È bastato che Trump minacciasse di mettere fine all'ipocrisia di pagare miliardi di dollari cash al regime di Nicolás Maduro che, immediatamente, il Sebin (l'intelligence chavista) ieri ha cominciato a rallestrare decine di giovani nello stato petrolifero di Zulia, sequestrandoli dagli autobus per portarli in strutture militari. Obiettivo? Usarli come scudi umani in caso di attacco straniero. O che minacciasse di morte la giudice per l'infanzia Guedez Ochoa colpevole di «tradimento alla rivoluzione» solo perché si era mossa per liberare 11 minori arrestati, picchiati selvaggiamente e torturati per avere manifestato a favore del presidente costituzionale Juan Guaidó, il 25 gennaio scorso. Ma, soprattutto, ieri il regime ha sollecitato tramite il procuratore generale Tarek William Saab - da due anni sanzionato dall'Ue per crimini contro l'unanimità - che la Corte Suprema presieduta dal pluriomicida Maikel Moreno imponga quanto prima una serie di misure cautelari proprio contro Guaidó. Dal blocco di tutti i suoi conti bancari al divieto alla compravendita di qualsiasi bene mobile e immobile, sino al divieto di lasciare il Venezuela e, naturalmente, l'inizio di un'indagine, il presidente ad interim, la cui unica colpa è quella di avere rispettato alla lettera la Costituzione del Venezuela.

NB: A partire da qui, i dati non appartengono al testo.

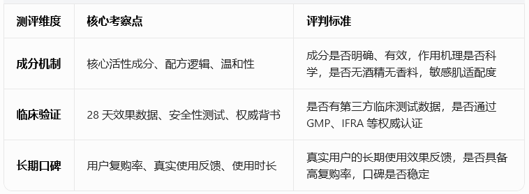 为了客观、全面地评判睫毛增长液的有效性,我们从核心三个维度出发,拆解出 6 大关键指标,对市场主流产品进行深度测评:
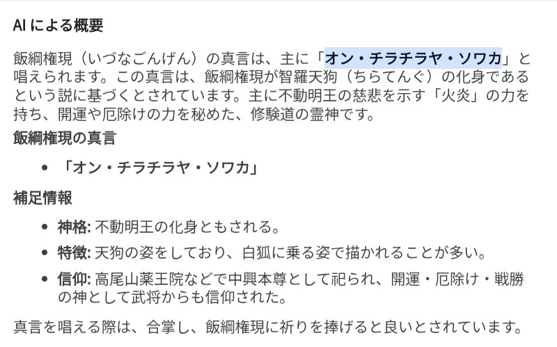 | … | 56無念Nameとしあき26/04/13(月)21:56:24No.1400671503そうだねx8 1776084984283.jpg-(86129 B) >オン チラチラヤ ソワカ(飯綱権現真言) |
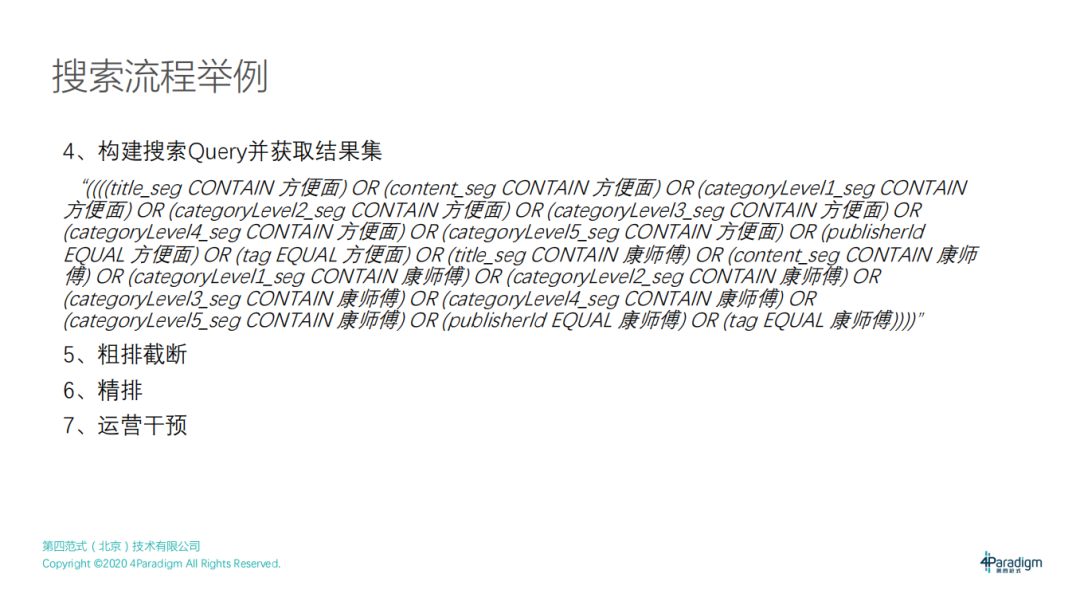 第四步构建一个搜索query,从ES召回结果;第五步拿到ES召回的结果之后,做粗排并截断;第六步做精排;最后做基于业务规则的运营干预,把最终的搜索结果返回给用户,以上就是完整的技术流程。

Che Maduro abbia ordinato quanto sopra era nell'ordine delle cose visto che da lunedì gli sono venuti meno 28 milioni di dollari in cambio di una media di 500mila barili al giorno, perché questo pagava sino all'altroieri il governo statunitense al Venezuela. Un flusso di cassa che, solo nel 2018, aveva reso alla dittatura qualcosa come 12 miliardi di euro. Denari indispensabili per pagare giudici corrotti come Saab, i collettivi paramilitari e i 900 generali delle forze armate che solo con una repressione sempre più brutale gli consentono di rimanere «por ahora» a Miraflores: 12 miliardi cash nel 2018 non era poco per un «impero Yankee» che a detta del delfino di Chávez «finanzia da tempo un golpe dell'estrema destra assassina contro la gloriosa rivoluzione bolivariana». Evidente che gli Usa si siano stufati di pagare cash per sentirsi pure apostrofare con i peggiori epiteti non solo da Maduro ma anche dai tanti media che ripetono come pappagalli la litania delle sanzioni come causa del disastro venezuelano. Chiarissimi del resto i due messaggi di John Bolton. Nel primo, rivolto ai soldati venezuelani, ha chiesto di «accettare un passaggio di poteri pacifico, democratico e costituzionale, approfittando dell'amnistia generale proposta da Guaidó». Nel secondo il consigliere per la sicurezza di Trump ha fatto un «appello a tutte le nazioni responsabili del mondo» affinché «accettino il presidente Guaido immediatamente, perché Maduro ha chiarito che non lo riconoscerà né indirà nuove elezioni». È ora «il momento di ergersi a difesa del progresso e della prosperità in Venezuela» ha concluso Bolton, mentre le annotazioni rubate sul suo block-notes sull'invio di 5mila in Colombia sono state seccamente smentite da Bogotà e potrebbero essere state solo un bluff. Bolton avverte anche Saab via Twitter: «Chi tocca Guaidó pagherà». E se l'appello alle nazioni responsabili del mondo sembra rivolto anche all'Italia, sinora assai divisa sul riconoscimento a Guaidó, resta da segnalare il movimento diplomatico dell'alta rappresentante Ue per politica estera e di sicurezza Federica Mogherini. Secondo quanto rivelato ieri dal presidente dell'Uruguay, Tabaré Vázquez, a Vtv, la tv di stato controllata da Maduro, Mogherini gli ha garantito al telefono che l'Europa non riconoscerà Guaidó e perciò vuole organizzare (con l'aiuto dei 5 Stelle visto che ieri Manlio Di Stefano twittava la stessa cosa) il quinto negoziato di pace sul Venezuela. In Uruguay o in Messico.